# Multivariate statistics Test 5: Hierarchical Linear Modeling

**Student**: Aleksandr Jan Smoliakov, VU MIF Data Science MSc year 1  
**Date**: 2024-11-21

Data: File `hsb12.sav`, variables

* `school` - school’s id
* `student` - student’s id
* `minority` - 1 if ethnical minority, 0 -   if not
* `female` - 1 if female, 0 if male
* `ses` - social –economic status
* `cses` - centered social-economic status
* `meanses` - school’s average ses
* `mathach` - mathematical achievements
* `size` - number of students at school
* `sector` - 1 for catholic school, 0 for the state school
* `pracad` - proportion of students in the academic track
* `himinty` - 1 if over 40% of students are from ethnical minorities, 0 if less than 40%

Task: Create an HLM model for `mathach`.

First of all, let's load the data and take a look.

In [1]:
import pyreadstat
import pandas as pd
import statsmodels.formula.api as smf

pd.options.display.float_format = '{:.4f}'.format

df_hsb, metadata_hsb = pyreadstat.read_sav("data/hsb12.sav")

df_hsb.describe()

Unnamed: 0,SCHOOL,STUDENT,CONS,MINORITY,FEMALE,SES,MEANSES,CSES,MATHACH,SIZE,SECTOR,PRACAD,DISCLIM,HIMINTY
count,7185.0,7185.0,7185.0,7185.0,7185.0,7185.0,7185.0,7185.0,7185.0,7185.0,7185.0,7185.0,7185.0,7185.0
mean,5277.8978,24.5081,1.0,0.2747,0.5282,0.0001,0.0061,-0.006,12.7479,1056.8618,0.4931,0.5345,-0.1319,0.28
std,2499.5778,15.2024,0.0,0.4464,0.4992,0.7794,0.4136,0.6606,6.8782,604.1725,0.5,0.2512,0.944,0.449
min,1224.0,1.0,1.0,0.0,0.0,-3.758,-1.188,-3.657,-2.832,100.0,0.0,0.0,-2.416,0.0
25%,3020.0,12.0,1.0,0.0,0.0,-0.538,-0.317,-0.454,7.275,565.0,0.0,0.32,-0.817,0.0
50%,5192.0,23.0,1.0,0.0,1.0,0.002,0.038,0.01,13.131,1016.0,0.0,0.53,-0.231,0.0
75%,7342.0,36.0,1.0,1.0,1.0,0.602,0.333,0.463,18.317,1436.0,1.0,0.7,0.46,1.0
max,9586.0,67.0,1.0,1.0,1.0,2.692,0.831,2.85,24.993,2713.0,1.0,1.0,2.756,1.0


There are no missing values in the dataset. The dataset has two additional columns not described in the task: `CONS` and `DISCLIM`. We are not going to remove them to avoid using them accidentally.

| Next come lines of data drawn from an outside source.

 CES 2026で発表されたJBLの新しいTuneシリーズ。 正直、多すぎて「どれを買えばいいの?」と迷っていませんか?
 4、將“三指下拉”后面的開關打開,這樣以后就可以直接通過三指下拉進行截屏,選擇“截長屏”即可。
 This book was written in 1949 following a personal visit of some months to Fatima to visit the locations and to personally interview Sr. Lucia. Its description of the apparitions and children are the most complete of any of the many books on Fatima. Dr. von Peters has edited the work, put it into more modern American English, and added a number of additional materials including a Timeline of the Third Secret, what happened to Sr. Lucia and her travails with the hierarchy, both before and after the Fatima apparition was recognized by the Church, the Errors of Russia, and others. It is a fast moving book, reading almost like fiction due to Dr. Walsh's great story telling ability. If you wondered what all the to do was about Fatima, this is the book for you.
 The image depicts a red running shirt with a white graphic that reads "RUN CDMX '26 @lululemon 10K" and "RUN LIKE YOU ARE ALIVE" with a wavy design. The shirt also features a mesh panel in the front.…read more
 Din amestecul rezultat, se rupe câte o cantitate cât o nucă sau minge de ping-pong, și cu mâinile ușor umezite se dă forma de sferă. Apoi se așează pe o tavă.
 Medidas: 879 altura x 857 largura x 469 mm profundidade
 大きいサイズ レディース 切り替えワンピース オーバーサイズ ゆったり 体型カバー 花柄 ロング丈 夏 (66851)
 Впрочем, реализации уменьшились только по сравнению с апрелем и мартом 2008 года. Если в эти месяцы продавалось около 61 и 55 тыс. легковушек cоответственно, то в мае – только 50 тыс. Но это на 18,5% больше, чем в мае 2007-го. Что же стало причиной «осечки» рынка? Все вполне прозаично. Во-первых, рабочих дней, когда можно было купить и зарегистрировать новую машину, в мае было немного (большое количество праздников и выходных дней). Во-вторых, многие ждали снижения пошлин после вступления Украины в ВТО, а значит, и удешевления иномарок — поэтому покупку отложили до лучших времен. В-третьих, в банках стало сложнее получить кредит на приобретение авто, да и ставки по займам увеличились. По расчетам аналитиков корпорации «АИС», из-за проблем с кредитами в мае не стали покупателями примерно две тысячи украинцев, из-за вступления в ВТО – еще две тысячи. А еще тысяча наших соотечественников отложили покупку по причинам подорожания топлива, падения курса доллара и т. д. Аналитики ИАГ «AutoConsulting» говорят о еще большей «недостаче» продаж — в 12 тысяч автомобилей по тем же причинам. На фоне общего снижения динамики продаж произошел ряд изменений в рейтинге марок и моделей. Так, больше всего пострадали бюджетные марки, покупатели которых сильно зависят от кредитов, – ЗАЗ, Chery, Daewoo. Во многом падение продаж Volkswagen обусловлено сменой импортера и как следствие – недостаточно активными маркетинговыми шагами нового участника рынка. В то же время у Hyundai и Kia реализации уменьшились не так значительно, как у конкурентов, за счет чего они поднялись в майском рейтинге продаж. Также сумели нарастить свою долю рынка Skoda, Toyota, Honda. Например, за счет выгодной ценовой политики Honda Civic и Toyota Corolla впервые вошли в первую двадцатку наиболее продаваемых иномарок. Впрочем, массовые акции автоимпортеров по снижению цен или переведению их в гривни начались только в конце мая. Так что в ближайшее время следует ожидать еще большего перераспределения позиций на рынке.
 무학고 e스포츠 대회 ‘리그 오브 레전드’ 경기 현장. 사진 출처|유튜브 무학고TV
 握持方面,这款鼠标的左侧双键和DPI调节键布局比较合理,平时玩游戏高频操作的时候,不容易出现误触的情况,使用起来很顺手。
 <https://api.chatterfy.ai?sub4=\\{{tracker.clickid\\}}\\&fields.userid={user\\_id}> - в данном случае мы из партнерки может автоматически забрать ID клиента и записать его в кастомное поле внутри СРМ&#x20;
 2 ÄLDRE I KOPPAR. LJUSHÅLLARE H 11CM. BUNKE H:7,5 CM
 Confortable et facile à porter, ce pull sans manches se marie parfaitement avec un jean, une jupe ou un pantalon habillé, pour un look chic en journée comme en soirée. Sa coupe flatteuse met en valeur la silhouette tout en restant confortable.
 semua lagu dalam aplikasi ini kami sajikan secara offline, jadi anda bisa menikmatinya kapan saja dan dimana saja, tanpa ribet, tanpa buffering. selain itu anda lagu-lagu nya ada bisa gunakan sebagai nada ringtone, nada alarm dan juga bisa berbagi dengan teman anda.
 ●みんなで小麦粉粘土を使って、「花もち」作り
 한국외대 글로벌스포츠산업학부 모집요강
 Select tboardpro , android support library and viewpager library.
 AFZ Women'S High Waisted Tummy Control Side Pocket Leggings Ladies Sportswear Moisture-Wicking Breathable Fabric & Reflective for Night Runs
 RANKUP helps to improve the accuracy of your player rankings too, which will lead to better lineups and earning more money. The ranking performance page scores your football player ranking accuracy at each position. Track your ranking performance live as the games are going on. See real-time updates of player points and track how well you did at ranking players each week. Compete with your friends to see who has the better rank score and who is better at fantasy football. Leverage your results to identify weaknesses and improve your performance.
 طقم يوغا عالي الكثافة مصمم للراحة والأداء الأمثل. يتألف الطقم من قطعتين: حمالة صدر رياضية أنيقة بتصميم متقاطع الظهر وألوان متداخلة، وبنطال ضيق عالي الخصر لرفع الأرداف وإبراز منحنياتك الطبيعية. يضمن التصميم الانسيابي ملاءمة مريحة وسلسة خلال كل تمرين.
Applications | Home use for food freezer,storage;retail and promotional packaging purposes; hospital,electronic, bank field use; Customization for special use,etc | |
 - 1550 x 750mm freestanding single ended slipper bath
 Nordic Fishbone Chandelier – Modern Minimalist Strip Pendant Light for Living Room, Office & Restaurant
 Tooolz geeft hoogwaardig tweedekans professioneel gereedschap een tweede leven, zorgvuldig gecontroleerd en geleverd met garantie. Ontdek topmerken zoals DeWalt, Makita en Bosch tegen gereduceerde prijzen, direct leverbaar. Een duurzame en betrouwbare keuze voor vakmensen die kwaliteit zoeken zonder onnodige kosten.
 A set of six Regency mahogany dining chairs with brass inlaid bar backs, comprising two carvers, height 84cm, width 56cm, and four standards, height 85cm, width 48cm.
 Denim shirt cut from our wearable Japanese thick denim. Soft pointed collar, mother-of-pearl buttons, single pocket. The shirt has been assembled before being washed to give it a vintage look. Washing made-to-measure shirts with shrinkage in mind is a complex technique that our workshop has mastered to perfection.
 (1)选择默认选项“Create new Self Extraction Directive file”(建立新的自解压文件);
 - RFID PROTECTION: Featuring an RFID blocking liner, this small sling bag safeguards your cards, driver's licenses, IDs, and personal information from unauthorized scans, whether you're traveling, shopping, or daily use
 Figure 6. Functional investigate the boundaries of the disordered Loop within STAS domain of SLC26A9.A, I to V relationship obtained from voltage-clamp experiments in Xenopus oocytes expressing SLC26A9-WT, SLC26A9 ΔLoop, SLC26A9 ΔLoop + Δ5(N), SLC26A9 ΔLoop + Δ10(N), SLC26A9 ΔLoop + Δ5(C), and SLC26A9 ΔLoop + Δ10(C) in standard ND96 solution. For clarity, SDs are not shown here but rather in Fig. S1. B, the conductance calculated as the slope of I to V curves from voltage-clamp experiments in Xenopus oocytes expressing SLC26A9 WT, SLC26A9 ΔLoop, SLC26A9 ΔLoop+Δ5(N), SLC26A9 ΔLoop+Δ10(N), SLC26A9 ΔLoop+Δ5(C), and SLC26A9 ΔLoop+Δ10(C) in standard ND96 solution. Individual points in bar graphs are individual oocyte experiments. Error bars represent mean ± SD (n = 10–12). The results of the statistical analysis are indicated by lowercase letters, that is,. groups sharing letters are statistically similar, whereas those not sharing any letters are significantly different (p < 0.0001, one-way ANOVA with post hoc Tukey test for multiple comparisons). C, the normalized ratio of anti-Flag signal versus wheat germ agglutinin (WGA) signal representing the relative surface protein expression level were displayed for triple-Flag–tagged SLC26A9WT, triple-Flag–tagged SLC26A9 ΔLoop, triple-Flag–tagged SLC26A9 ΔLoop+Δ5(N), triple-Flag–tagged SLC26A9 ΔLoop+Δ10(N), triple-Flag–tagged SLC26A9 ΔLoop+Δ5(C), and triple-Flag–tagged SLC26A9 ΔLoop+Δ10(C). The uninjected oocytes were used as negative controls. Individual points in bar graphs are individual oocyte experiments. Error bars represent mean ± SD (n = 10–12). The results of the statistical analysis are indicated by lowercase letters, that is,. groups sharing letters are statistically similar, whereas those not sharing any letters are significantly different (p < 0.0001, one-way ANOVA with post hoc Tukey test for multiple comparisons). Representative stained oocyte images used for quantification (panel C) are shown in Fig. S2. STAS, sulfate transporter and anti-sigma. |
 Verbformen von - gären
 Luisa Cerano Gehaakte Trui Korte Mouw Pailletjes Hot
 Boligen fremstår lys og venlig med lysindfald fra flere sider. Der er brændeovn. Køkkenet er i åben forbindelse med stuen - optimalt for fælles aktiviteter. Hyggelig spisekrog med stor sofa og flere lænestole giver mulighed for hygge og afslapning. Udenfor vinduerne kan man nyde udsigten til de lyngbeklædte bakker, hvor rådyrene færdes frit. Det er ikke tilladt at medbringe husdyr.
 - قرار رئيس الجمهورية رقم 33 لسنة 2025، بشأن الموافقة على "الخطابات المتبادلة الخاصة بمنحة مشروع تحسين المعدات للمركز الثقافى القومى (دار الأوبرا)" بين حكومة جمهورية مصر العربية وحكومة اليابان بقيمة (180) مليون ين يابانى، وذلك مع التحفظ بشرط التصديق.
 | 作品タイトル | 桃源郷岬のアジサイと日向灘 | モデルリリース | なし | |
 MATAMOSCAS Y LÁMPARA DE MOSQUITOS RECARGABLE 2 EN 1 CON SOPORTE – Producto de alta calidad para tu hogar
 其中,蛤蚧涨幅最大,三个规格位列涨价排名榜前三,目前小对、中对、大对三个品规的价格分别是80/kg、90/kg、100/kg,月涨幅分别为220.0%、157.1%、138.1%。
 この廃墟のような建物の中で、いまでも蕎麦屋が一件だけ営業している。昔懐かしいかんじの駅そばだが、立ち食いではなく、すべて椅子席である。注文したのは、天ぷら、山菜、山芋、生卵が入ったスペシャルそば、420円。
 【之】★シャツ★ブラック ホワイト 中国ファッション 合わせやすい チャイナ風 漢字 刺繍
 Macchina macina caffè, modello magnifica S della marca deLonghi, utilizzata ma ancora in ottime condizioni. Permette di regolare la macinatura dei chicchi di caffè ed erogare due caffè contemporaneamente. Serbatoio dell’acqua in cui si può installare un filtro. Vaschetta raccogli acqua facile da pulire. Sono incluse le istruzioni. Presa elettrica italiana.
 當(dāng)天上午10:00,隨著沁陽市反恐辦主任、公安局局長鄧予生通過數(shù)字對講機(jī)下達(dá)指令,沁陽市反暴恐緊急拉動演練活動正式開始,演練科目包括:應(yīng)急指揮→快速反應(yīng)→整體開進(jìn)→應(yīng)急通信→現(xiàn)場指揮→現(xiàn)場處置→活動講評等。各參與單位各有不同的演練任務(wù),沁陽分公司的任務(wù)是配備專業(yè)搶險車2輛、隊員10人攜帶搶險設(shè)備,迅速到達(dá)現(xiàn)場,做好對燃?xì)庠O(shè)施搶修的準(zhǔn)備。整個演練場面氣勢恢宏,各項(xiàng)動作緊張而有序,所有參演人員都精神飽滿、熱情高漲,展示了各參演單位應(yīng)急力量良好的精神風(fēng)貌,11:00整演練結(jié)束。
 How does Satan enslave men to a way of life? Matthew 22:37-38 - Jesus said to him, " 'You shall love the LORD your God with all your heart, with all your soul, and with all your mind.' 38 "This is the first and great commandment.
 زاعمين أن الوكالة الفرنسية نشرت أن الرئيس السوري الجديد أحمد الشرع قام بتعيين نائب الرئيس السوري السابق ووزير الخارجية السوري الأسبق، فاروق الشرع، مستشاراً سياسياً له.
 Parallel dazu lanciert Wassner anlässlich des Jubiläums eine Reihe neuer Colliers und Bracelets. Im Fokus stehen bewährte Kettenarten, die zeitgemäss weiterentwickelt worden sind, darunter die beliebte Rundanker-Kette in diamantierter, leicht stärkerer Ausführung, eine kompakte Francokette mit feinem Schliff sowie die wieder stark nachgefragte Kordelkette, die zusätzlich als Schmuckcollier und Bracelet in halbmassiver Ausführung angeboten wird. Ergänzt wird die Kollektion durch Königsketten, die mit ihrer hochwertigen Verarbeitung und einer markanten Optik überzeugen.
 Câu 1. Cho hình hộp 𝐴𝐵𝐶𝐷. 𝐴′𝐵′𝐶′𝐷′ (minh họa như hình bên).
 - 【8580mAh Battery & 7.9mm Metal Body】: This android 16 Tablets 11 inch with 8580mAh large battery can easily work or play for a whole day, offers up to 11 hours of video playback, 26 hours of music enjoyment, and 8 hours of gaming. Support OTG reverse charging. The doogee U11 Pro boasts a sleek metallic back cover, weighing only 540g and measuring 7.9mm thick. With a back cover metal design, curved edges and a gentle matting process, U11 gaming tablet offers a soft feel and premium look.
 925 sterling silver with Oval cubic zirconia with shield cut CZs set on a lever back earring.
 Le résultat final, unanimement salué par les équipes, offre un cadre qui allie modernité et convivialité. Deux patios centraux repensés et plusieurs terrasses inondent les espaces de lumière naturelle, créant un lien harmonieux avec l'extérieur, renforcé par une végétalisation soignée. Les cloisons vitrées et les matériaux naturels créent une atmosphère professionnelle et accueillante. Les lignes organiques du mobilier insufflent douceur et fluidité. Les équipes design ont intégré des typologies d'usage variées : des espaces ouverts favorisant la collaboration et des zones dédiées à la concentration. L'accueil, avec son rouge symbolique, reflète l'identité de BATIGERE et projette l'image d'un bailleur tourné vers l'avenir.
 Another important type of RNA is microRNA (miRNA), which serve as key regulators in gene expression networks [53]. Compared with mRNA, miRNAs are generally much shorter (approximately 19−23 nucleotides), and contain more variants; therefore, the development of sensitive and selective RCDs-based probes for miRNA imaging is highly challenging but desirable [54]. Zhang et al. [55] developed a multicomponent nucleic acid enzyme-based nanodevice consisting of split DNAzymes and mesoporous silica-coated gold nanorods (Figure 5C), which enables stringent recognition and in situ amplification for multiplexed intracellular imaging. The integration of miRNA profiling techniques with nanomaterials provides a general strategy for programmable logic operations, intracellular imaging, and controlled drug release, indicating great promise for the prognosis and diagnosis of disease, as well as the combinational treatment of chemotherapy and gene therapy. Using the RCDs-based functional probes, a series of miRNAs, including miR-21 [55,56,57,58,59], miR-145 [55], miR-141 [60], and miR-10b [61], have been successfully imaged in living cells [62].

Additionally, we'll cast `SCHOOL` and `STUDENT` into integers and make the column names lowercase for convenience.

In [2]:
df_hsb = df_hsb.drop(["CONS", "DISCLIM"], axis=1)
df_hsb.columns = df_hsb.columns.str.lower()

df_hsb["school"] = df_hsb["school"].astype(int)
df_hsb["student"] = df_hsb["student"].astype(int)

df_hsb.head()

Unnamed: 0,school,student,minority,female,ses,meanses,cses,mathach,size,sector,pracad,himinty
0,1224,1,0.0,1.0,-1.528,-0.428,-1.1,5.876,842.0,0.0,0.35,0.0
1,1224,2,0.0,1.0,-0.588,-0.428,-0.16,19.708,842.0,0.0,0.35,0.0
2,1224,3,0.0,0.0,-0.528,-0.428,-0.1,20.349,842.0,0.0,0.35,0.0
3,1224,4,0.0,0.0,-0.668,-0.428,-0.24,8.781,842.0,0.0,0.35,0.0
4,1224,5,0.0,0.0,-0.158,-0.428,0.27,17.898,842.0,0.0,0.35,0.0


## Unconditional model

1. Create an unconditional model and calculate ICC.

We will start by creating an unconditional model. The model will have two levels: students and schools.

In [37]:
unconditional_model = smf.mixedlm(
    "mathach ~ 1",
    data=df_hsb,
    groups=df_hsb["school"],
    re_formula="~ 1"
)
unconditional_model_results = unconditional_model.fit(reml=False)

unconditional_model_results.summary()

0,1,2,3
Model:,MixedLM,Dependent Variable:,mathach
No. Observations:,7185,Method:,ML
No. Groups:,160,Scale:,39.1483
Min. group size:,14,Log-Likelihood:,-23557.9051
Max. group size:,67,Converged:,Yes
Mean group size:,44.9,,

0,1,2,3,4,5,6
,Coef.,Std.Err.,z,P>|z|,[0.025,0.975]
Intercept,12.637,0.244,51.867,0.000,12.160,13.115
Group Var,8.555,0.173,,,,


In [38]:
group_variance = unconditional_model_results.cov_re.iloc[0, 0]
res_variance = unconditional_model_results.scale
print(f"Group variance: {group_variance:.4f}")
print(f"Residual variance: {res_variance:.4f}")

icc = group_variance / (group_variance + res_variance)
print(f"ICC: {icc:.4f}")

Group variance: 8.5550
Residual variance: 39.1483
ICC: 0.1793


The Intraclass Correlation Coefficient (ICC) is `0.1804`, which means that 18.04% of the variance in math achievement can be attributed to differences between schools.

## Final model

2. Create a final model with at least three variables (at least one school-level variable).

### Correlation analysis

In [39]:
cor = df_hsb.corr()
cor[cor > 0.5].stack().rename("corr").reset_index().query("level_0 < level_1")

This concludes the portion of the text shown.